Researchers build next-generation flexible digital displays

Professors Bernard Kippelen and Seth Marder of the Center for Organic Photonics and Electronics (COPE) at Georgia Tech are developing light-emitting diodes (LEDs) using organic elements that could replace or augment digital displays used in cell phones and TVs while also offering new methods to light a variety of objects.
By Rick Robinson October 3, 2015

Professors Bernard Kippelen and Seth Marder of the Center for Organic Photonics and Electronics (COPE) at Georgia Tech are developing light-emitting diodes (LEDs) using organic elements that could replace or augment digital displays used in cell phones anProfessors Bernard Kippelen and Seth Marder of the Center for Organic Photonics and Electronics (COPE) at Georgia Tech are developing light-emitting diodes (LEDs) using organic elements—principally carbon, hydrogen, oxygen, and nitrogen—that abound in Earth’s biosphere.

The resulting organic LEDs (OLEDs) are designed to be flexible and shatterproof and could replace or augment digital displays used in cell phones and TVs while also offering new ways to light everything from a tiny medical probe to entire interior surfaces.

Most digital devices today use displays made with indium tin oxide that is deposited onto a glass substrate. Such displays are generally inflexible and brittle. Moreover, the relatively high price of indium, a rare earth element, adds significantly to manufacturing costs.

By contrast, the COPE team uses low-cost, Earth-abundant organic materials to fabricate a display surface that can produce plentiful light from a small amount of electric current. The researchers deposit exceedingly thin metal foils and films of organic molecules on a very thin plastic substrate. The total device has a thickness of about 100 nm. This is much thinner than conventional displays, which can be up to a millimeter thick.

COPE’s current device fabrication method involves evaporating organic molecules using extreme heat and then depositing them onto a plastic substrate. In the future, however, OLED light-emitting surfaces could be manufactured using roll-to-roll printing processes. This approach may yield large display surfaces capable of showing video or providing customizable lighting sources covering entire walls or ceilings.

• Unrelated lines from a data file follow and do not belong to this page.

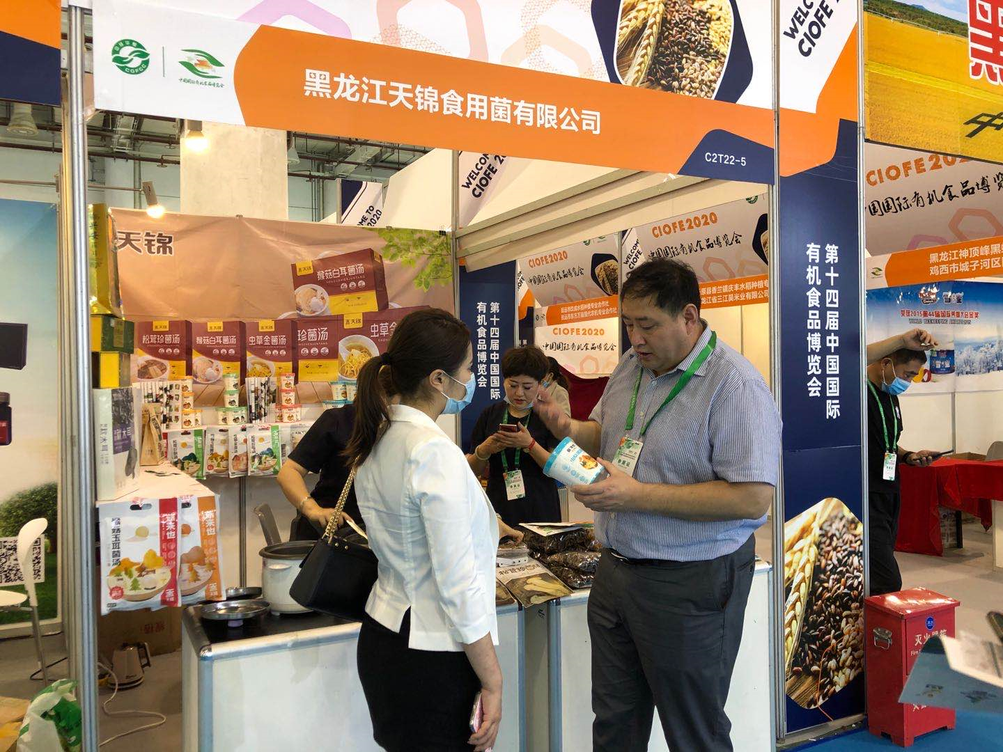 記者來到黑龍江有機食品展區黑龍江天錦食用菌有限公司展位前,參展人員正拿出一袋松茸珍菌湯,邊撕開包裝邊介紹到,「裏面是按比例調配好的,水燒開將每包食材與調料分別放進去,三分鐘就可以品嘗到健康美味的食用菌湯。」記者在與參展人員了解產品時,湯燒得滾熱,隔着口罩,菌類獨有的香氣緩緩鑽進鼻子裏,盛一杯品嘗,菌香四溢繞齒間,不少「聞香」而來的遊客品嘗後立即購買。
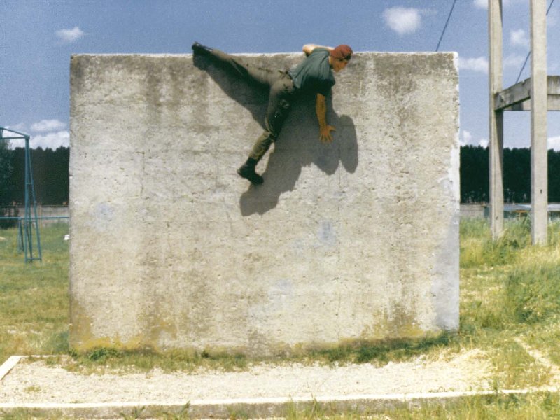 This is called the " Wall of cry" because it's the end of a strenuos physical test . . . and , when you arrive there , you are so tired that someone is not able to climb it . . .
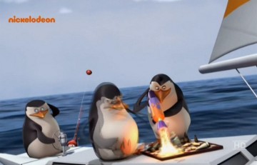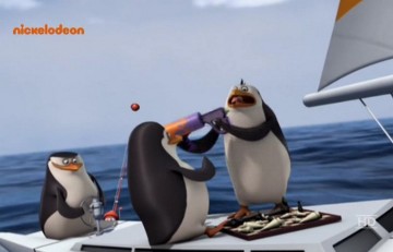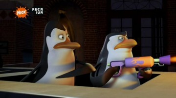 Die Pinguine überfallen einen Fischwagen:
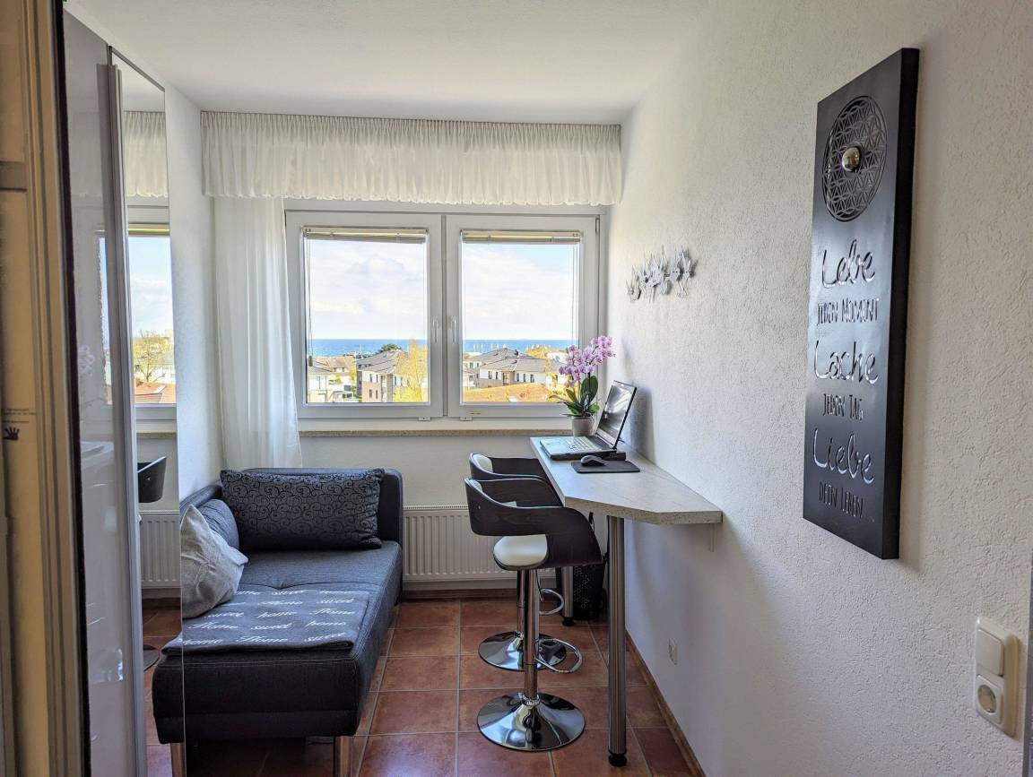 Das Feriendomizil in der 4. Etage des Hauses Berolina bietet auf 47 m² reichlich Platz für max. 2 Erwachsene. Der Eingangsbereich mit Garderobe führt in das Wohn- und Schlafzimmer, das mit einem gemütlichen Relaxsofa, TV und Elektrokamin ausgestattet ist. Der Schlafbereich umfasst ein Doppelbett (180 x 200 cm) und Außenjalousien. Ein separater Raum mit erhöhtem Arbeitsplatz, Sofa und Kleiderschrank ist durch eine Schiebetür vom Küchenbereich abtrennbar. Die voll ausgestattete Küche bietet eine Spülmaschine, Herd und einen Essplatz für 2 Personen. Das Badezimmer verfügt über eine Badewanne und WC. WLAN ist verfügbar. Der Zugang zum hauseigenen Schwimmbad und Tischtennisraum erfolgt mit dem Wohnungsschlüssel. Haustiere sind nicht gestattet, und Rauchen ist nur auf dem Balkon erlaubt.

Because they’re flexible, OLEDs can also conform to curved surfaces. That capability would allow them to serve as light-emitting surfaces in tight places such as medical catheters or to provide illumination for optics and protective gear used during surgery.

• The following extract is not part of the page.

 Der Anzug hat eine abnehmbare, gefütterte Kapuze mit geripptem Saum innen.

COPE’s approach also promises environmental benefits. The organic materials used by the light-emitting foil and its substrate can be designed to be biodegradable. Unlike conventional displays, which may contain elements that are toxic and costly to recycle, simply being dissolved in water at room temperature could recycle an OLED display.

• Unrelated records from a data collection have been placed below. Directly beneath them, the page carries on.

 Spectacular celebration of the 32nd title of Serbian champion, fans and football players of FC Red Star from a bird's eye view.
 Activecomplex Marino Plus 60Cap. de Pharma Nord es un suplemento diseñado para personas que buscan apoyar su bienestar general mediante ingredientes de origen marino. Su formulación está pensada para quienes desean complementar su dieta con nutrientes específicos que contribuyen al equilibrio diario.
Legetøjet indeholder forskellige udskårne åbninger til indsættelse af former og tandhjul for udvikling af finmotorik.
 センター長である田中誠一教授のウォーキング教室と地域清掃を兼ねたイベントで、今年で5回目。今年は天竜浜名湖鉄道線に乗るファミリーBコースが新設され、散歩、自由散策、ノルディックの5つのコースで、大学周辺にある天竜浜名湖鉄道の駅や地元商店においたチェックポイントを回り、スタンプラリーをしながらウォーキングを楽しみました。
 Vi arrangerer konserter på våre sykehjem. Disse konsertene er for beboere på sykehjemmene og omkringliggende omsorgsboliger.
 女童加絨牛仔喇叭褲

– Rick Robinson, Georgia Institute of Technology. Edited by Chris Vavra, production editor, CFE Media, Control Engineering, cvavra@cfemedia.com

Key concepts

  • Researchers are developing LEDs using organic elements found in Earth’s biosphere.
  • The resulting materials are flexible and can be used for many existing technologies as well as future developments.
  • The research is also designed to be beneficial to the environment since the technology isn’t toxic and costly to recycle.

Consider this

What specific technologies could benefit from OLED technology that wasn’t mentioned in the article?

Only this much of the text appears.